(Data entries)
◇ ◇ ◇ ◇ ◇ ◇ ◇
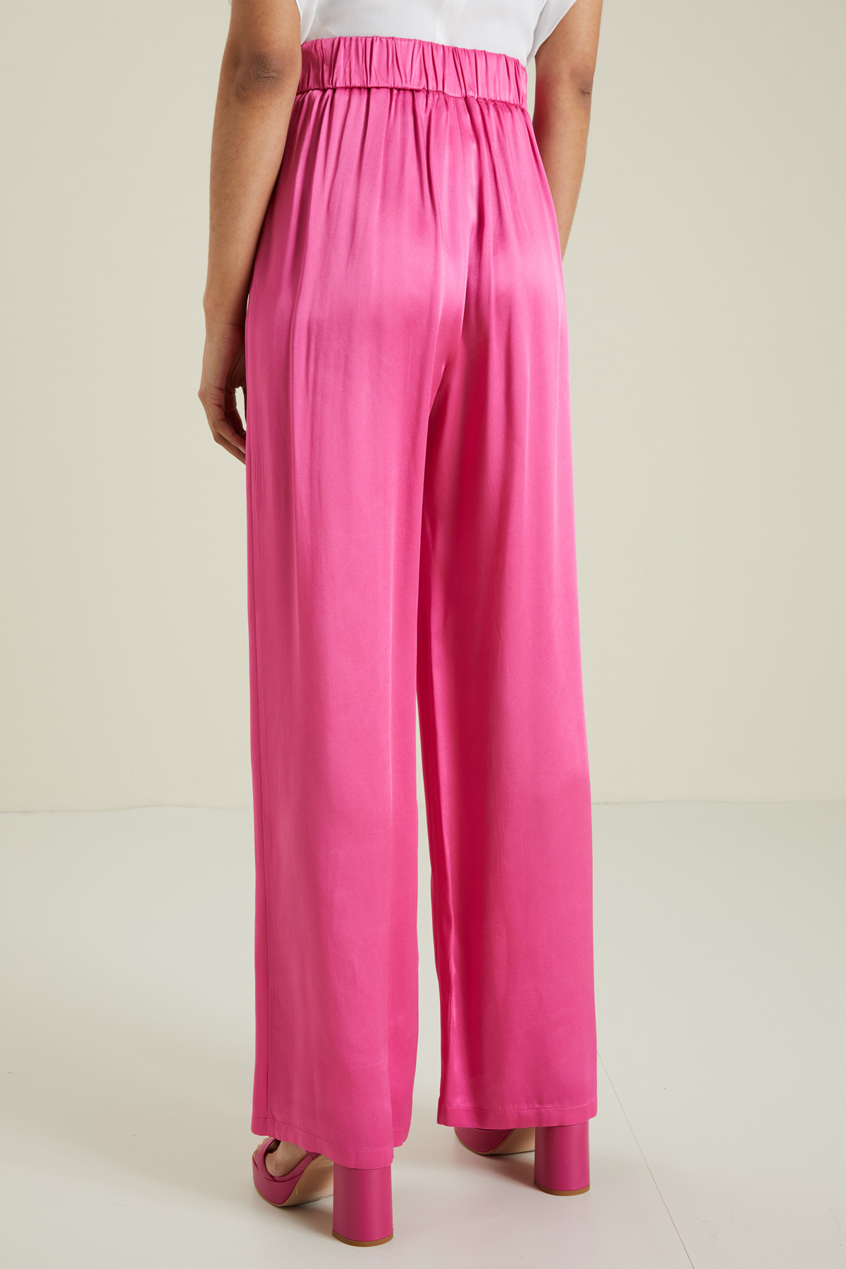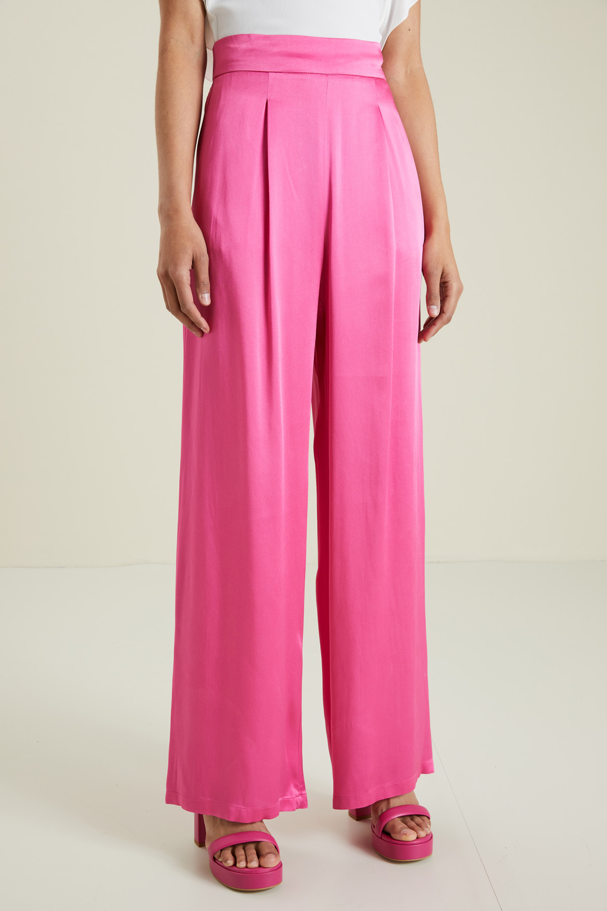 Pantaloni a palazzo realizzati in raso di misto viscosa, con inserto elastico in vita nel retro, pinces sul davanti, tasche laterali inserite in cucitura e chiusura tramite zip invisibile sul fianco.
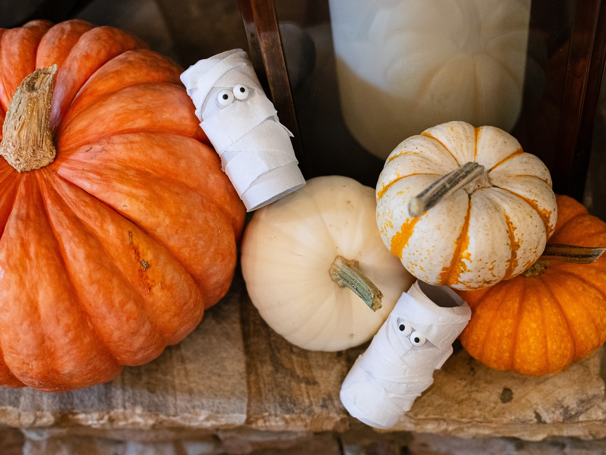 Just tear a few strips of the toilet paper and tape around the roll then add some eyes and that’s it. Place the mummies around your home for a little holiday fun without a lot of effort.
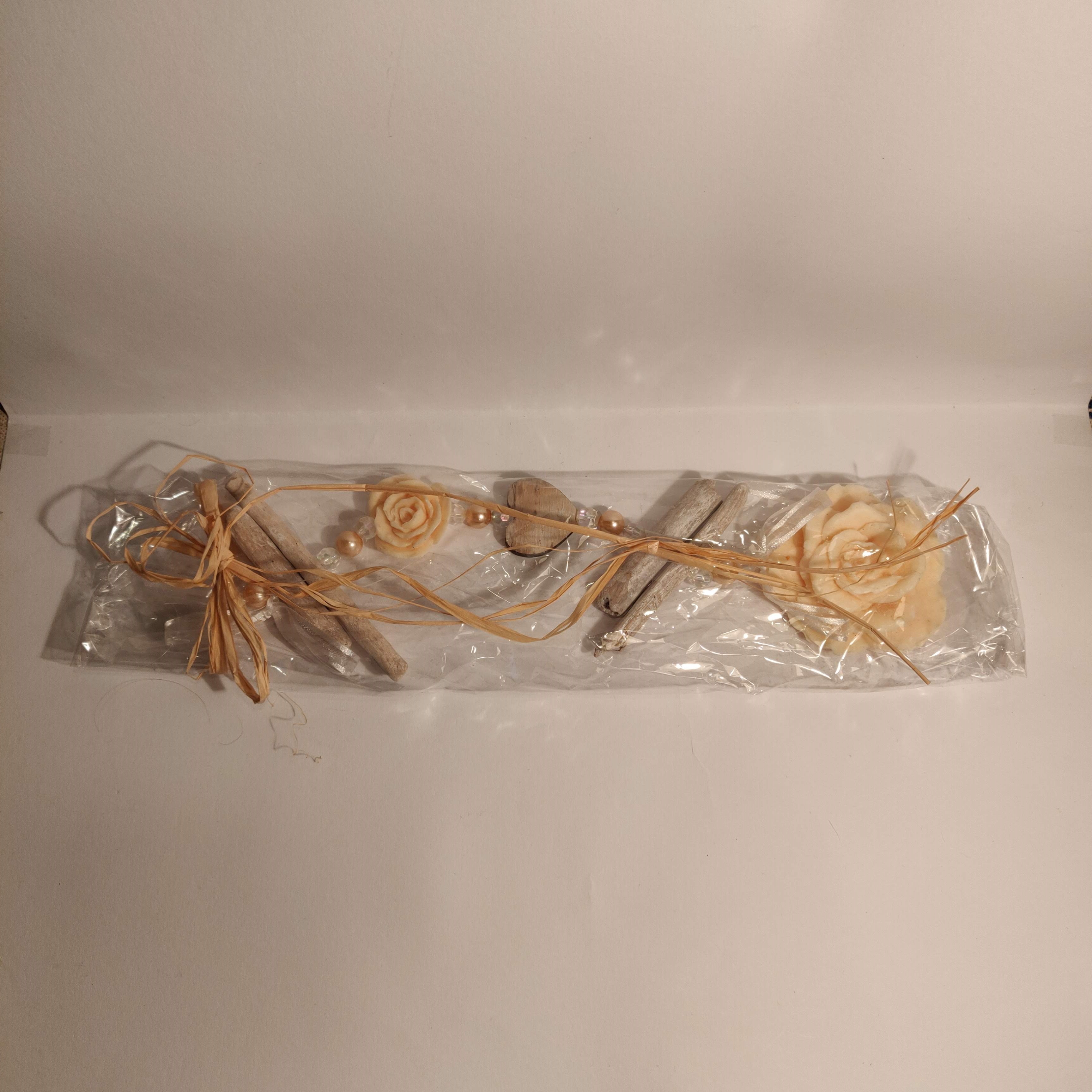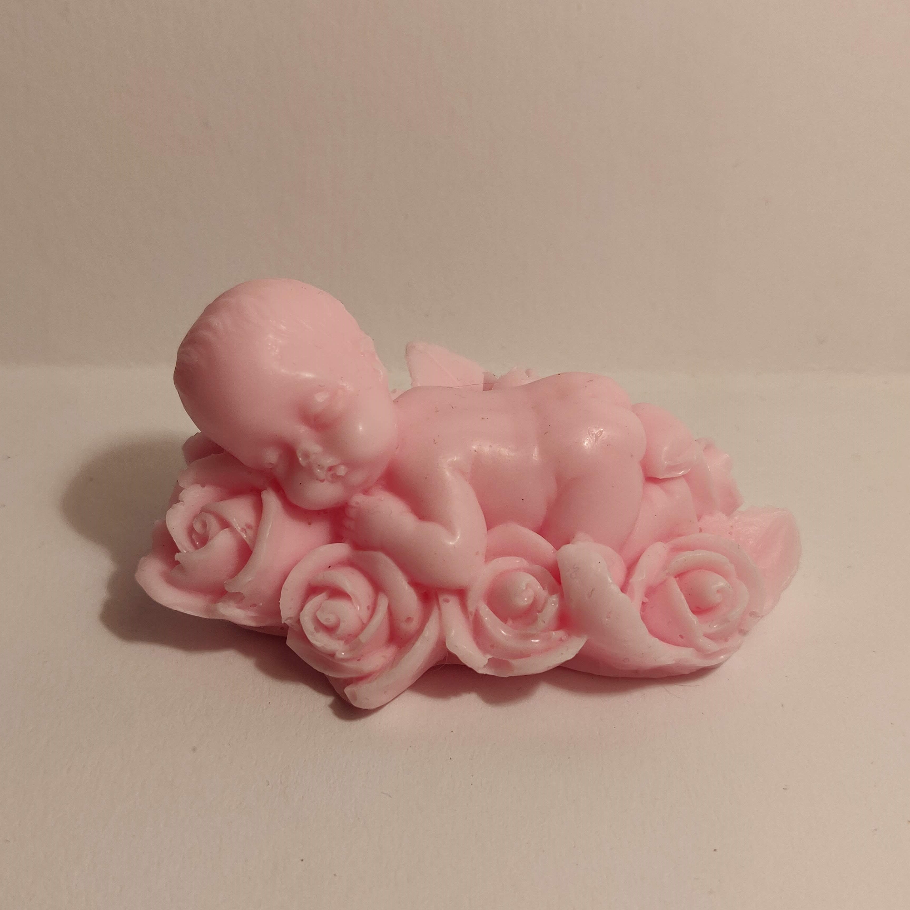 Dit is een zeepje van een baby die ligt op een bedje van rozen.
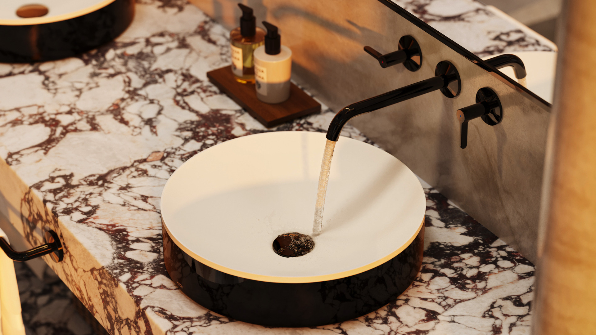 bestehend aus Aufsatzwaschtisch und Designrahmen, Material SolidSurface, Beckeninnenhöhe 80 mm, Material Rahmen Metall, Glanzgrad Keramik matt, ohne Hahnloch, ohne Überlauf, ohne Ablaufgarnitur, nur mit nicht verschließbaren Ablaufbentilen kombinierbar
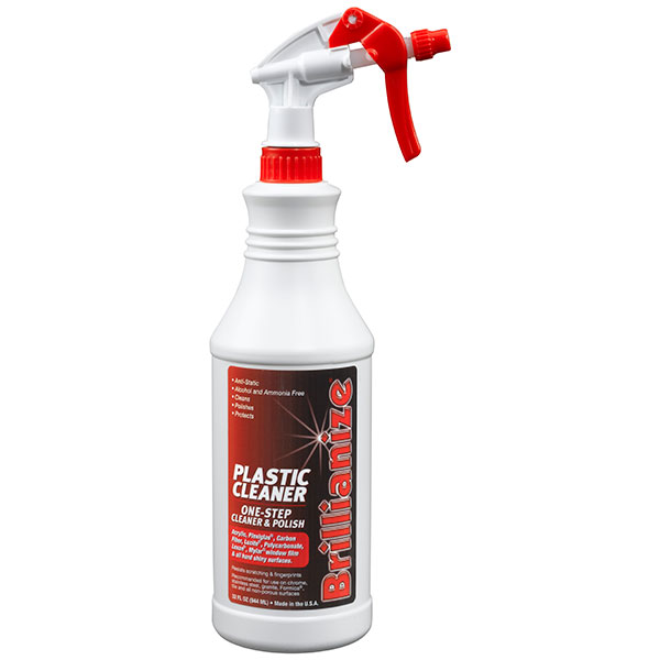 Brillianize makes shiny surfaces brilliant. The cleaned surface resists finger marking, has anti-static properties, repels dust. It is a nonflammable and nontoxic liquid. Use it to clean acrylic sheet, Lexan, mirrors, chrome - any shiny surface. Apply and polish with Kleenmaster shop towels.
◇ ◇ ◇ ◇ ◇ ◇ ◇
• About this exercise
Could you transcribe exactly the lines from the start of the records through the line containing "bestehend aus Aufsatzwaschtisch", both ends included, leaving the pictures out?

• Written reply
 Pantaloni a palazzo realizzati in raso di misto viscosa, con inserto elastico in vita nel retro, pinces sul davanti, tasche laterali inserite in cucitura e chiusura tramite zip invisibile sul fianco.
 Just tear a few strips of the toilet paper and tape around the roll then add some eyes and that’s it. Place the mummies around your home for a little holiday fun without a lot of effort.
 Dit is een zeepje van een baby die ligt op een bedje van rozen.
 bestehend aus Aufsatzwaschtisch und Designrahmen, Material SolidSurface, Beckeninnenhöhe 80 mm, Material Rahmen Metall, Glanzgrad Keramik matt, ohne Hahnloch, ohne Überlauf, ohne Ablaufgarnitur, nur mit nicht verschließbaren Ablaufbentilen kombinierbar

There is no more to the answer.